People: Empowering and Educating for Security

At the heart of any robust security strategy are the people who implement and adhere to it. Building a security-first culture means ensuring every individual understands their role in protecting the organization. This involves overcoming legacy mindsets and knowledge gaps. For example, some may downplay threats with an “it won’t happen to us” attitude or cling to outdated practices that worked in on-premises days. Such complacency is dangerous—if 95% of security incidents trace back to human error, training and awareness are critical (World Economic Forum finds that 95% of cybersecurity incidents occur due to human error | Cybernews).

Security awareness training should be frequent and evolving, not just an annual check-the-box exercise. Staff must stay informed about current threats (like phishing techniques or cloud-focused attacks) and how to respond. Leadership should champion security initiatives from the top, emphasizing that following security policies is part of everyone’s job. Encouraging a “report anything suspicious” mindset and removing stigma from reporting mistakes helps reinforce this culture. Establish clear roles and responsibilities for security: for instance, designate security champions in each team to advocate best practices. Holding individuals accountable in a supportive way (e.g. rewarding teams with no click-through phishing test failures, providing extra coaching where needed) fosters engagement. The goal is to make secure behavior the norm—whether it’s developers considering security in code or admins double-checking configurations.

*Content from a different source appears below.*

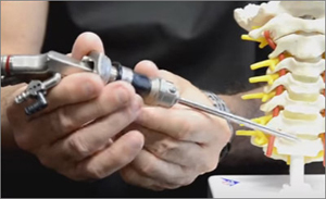 In some cases — especially those involving the lumbar spine — approaching the spine from the side of the body results in reduced pain, due to the limited amount of muscle tissue blocking the way. This approach is typically performed with the patient on his or her side. Then, a tubular retractor docks on the side of the spine to enable access to the spine’s discs and bones.
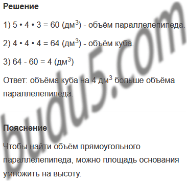 Задание № 64. Коробка формы прямоугольного параллелепипеда имеет длину 5 дм, ширину 4 дм и высоту 3 дм. А коробка формы куба имеет ребро, равное 4 дм. Объём какой из этих коробок больше и на сколько кубических дециметров?

Crucially, avoid the “old school” pitfalls: no more assuming the network perimeter alone will keep attackers out, or that only the IT security staff need to care about security. Modern zero-trust philosophies explicitly assume breach and require verification of each action. Every employee should internalize that a single weak link (like a reused password or an unlocked workstation) can compromise the whole organization. By cultivating a vigilant, informed workforce, you establish the human foundation of a security-first culture.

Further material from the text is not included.